• _GOAL OF THE EXERCISE_
Your output should be exactly the lines from the one containing "Dutch Farmer Memes, Earth" through the final line of the following data, please, with no pictures.

• _THE DATA_
**********

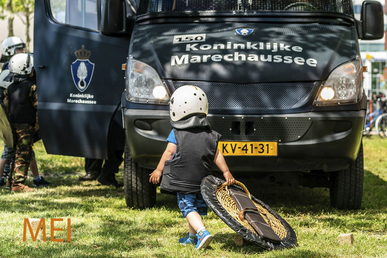 Wat de Marechaussee doet voor de veiligheid van Nederland? Op die vraag geeft de Marechaussee antwoord op de Landelijke Veiligheidsdag in Almere. Meteen een mooie gelegenheid om bezoekers warm te maken voor het vak. Alhoewel de jongste bezoekers toch echt nog een tijd moeten wachten voor ze kunnen solliciteren. Foto: Paul Tolenaar
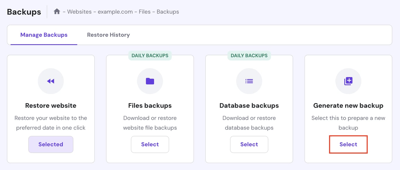 Hostingerで新しいバックアップを手動で作成したい場合は、以下のステップに従ってください。
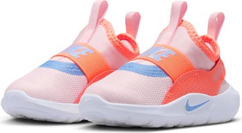 Sporty, snug and sized for active little feet, this easy-on/stay-on sneaker features a stretchy sock upper wrapped in stay-put elastic with a reinforced toe to help prevent stubbing. Flex grooves in the sole and grippy lugs in the tread make it easy to walk, skip and jump with well-grounded confidence.
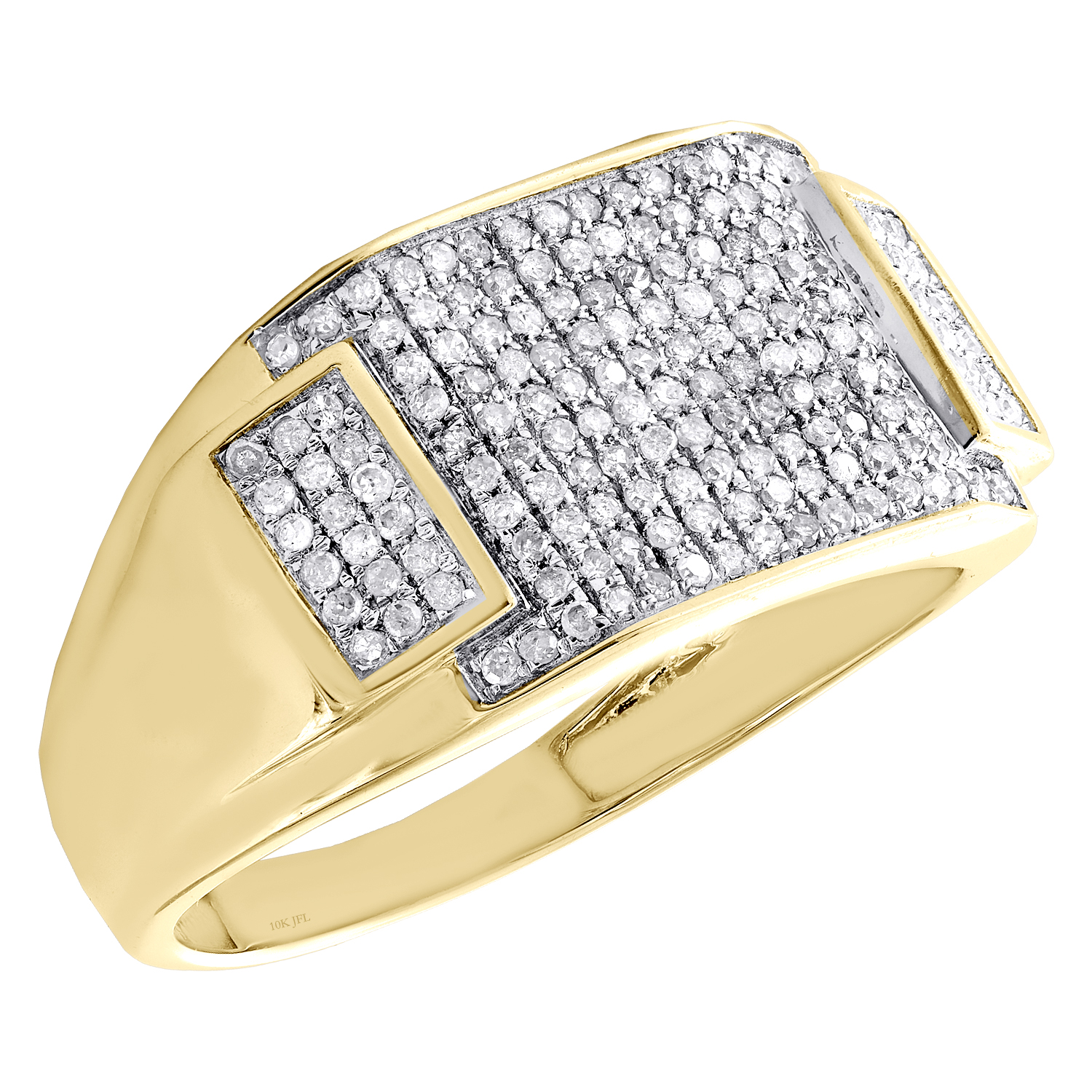 (3.6 gr. of 10K Yellow Gold | Total Carat Weight: 0.50 ct. t.w. of White Diamonds | Width: 12mm | Ring Size: 10 | Clarity: I1 - I2 | Color: H - I | Men's Round Cut Diamond Rectangle Frame Statement Pinky Ring Pave Band)
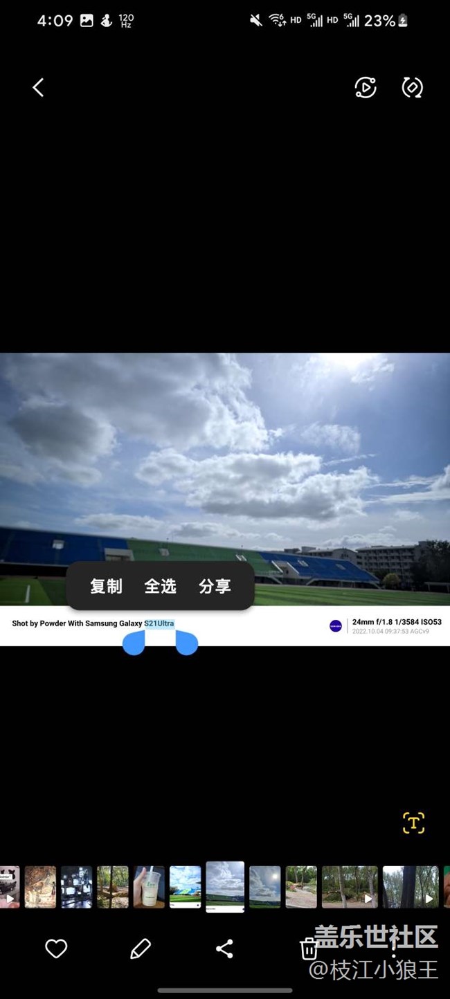 然后5.0不是多了不少功能嘛,我覺得最好用的也是我以后可能經常用的(三星相冊里有一個換天功能,很想用那個,但是觸發(fā)條件挺苛刻的),就是這個長按圖片直接在圖片上復制文字,不用像以前呼出bixby識屏或者拖到qq微信里識別了,方便了很多
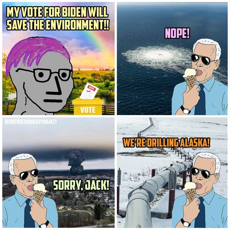Dutch Farmer Memes, Earth Day Memes, Electric Vehicle (EV) Memes, Fake Food Memes, Fake Meat Memes, Gas Stove Ban Memes, Global Warming Memes, GMO Memes, Greta Thunberg Memes & Ohio Train Derailment Memes
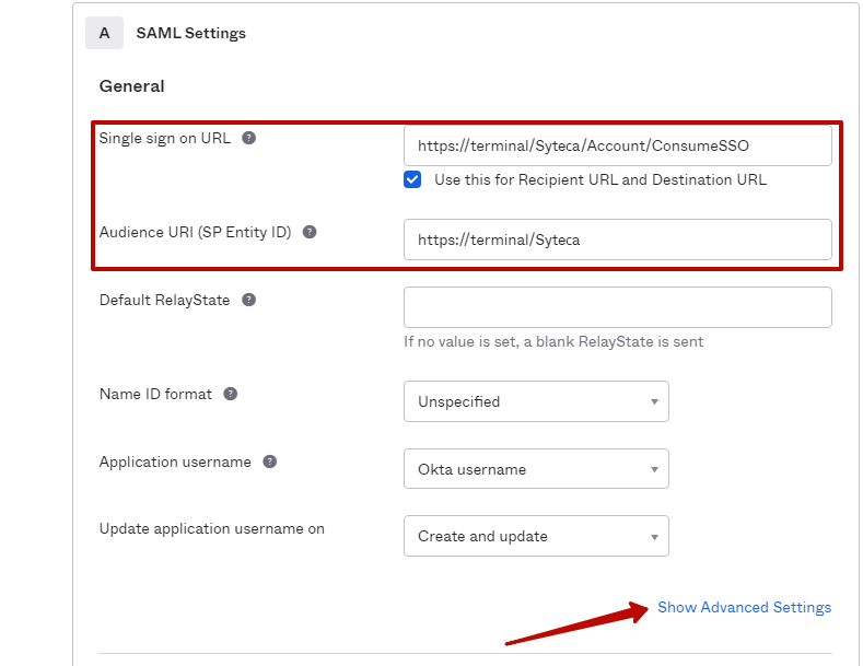 4. On the Configure SAML page, fill out the Single sign on URL and Audience URI (SP Entity ID) fields (i.e. replace the example "https://terminal/Syteca/" part of the URL shown in the screenshot below, with the URL of your Management Tool in both fields).
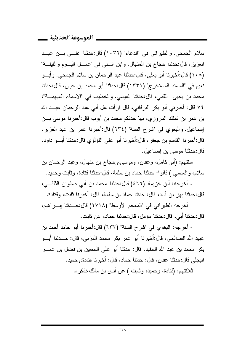 ستتهم: (أبو كامل، وعفان، وموسى، وحجاج بن منهال، وعبد الرحمان بن سلام، والعيسي) قالوا: حدثنا حماد بن سلمة، قال: حدثنا قتادة، وثابت وحميد.
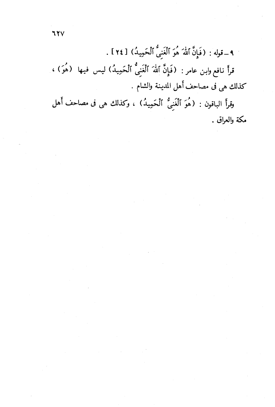 قَرَأَ نَافِع وَابْن عَامر / فَإِن الله الْغنى الحميد / لَيْسَ فِيهَا {هُوَ} كَذَلِك هى فى مصاحف أهل الْمَدِينَة وَالشَّام
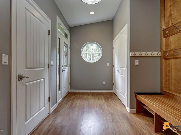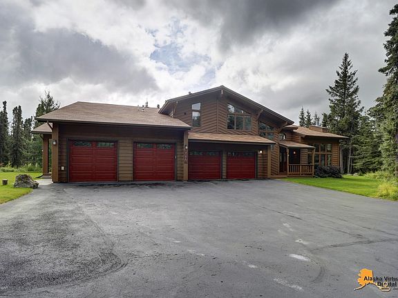 This architecturally appealing home with adjoining wing is situated on 2+ acres in a park-like setting. 5 BD (poss. 6th), 3.50 BA, sunroom, fireplace and woodstove. Vaulted ceilings with exposed beams. 4 car garage w/mezzanine storage. New septic and heating system. Fenced yard, patio, 2 large decks, RV parking, storage shed. Minutes to Hilltop Ski Area, AK Zoo and numerous parks.

**********

• _WRITTEN RESPONSE_
Dutch Farmer Memes, Earth Day Memes, Electric Vehicle (EV) Memes, Fake Food Memes, Fake Meat Memes, Gas Stove Ban Memes, Global Warming Memes, GMO Memes, Greta Thunberg Memes & Ohio Train Derailment Memes
 4. On the Configure SAML page, fill out the Single sign on URL and Audience URI (SP Entity ID) fields (i.e. replace the example "https://terminal/Syteca/" part of the URL shown in the screenshot below, with the URL of your Management Tool in both fields).
 ستتهم: (أبو كامل، وعفان، وموسى، وحجاج بن منهال، وعبد الرحمان بن سلام، والعيسي) قالوا: حدثنا حماد بن سلمة، قال: حدثنا قتادة، وثابت وحميد.
 قَرَأَ نَافِع وَابْن عَامر / فَإِن الله الْغنى الحميد / لَيْسَ فِيهَا {هُوَ} كَذَلِك هى فى مصاحف أهل الْمَدِينَة وَالشَّام
 This architecturally appealing home with adjoining wing is situated on 2+ acres in a park-like setting. 5 BD (poss. 6th), 3.50 BA, sunroom, fireplace and woodstove. Vaulted ceilings with exposed beams. 4 car garage w/mezzanine storage. New septic and heating system. Fenced yard, patio, 2 large decks, RV parking, storage shed. Minutes to Hilltop Ski Area, AK Zoo and numerous parks.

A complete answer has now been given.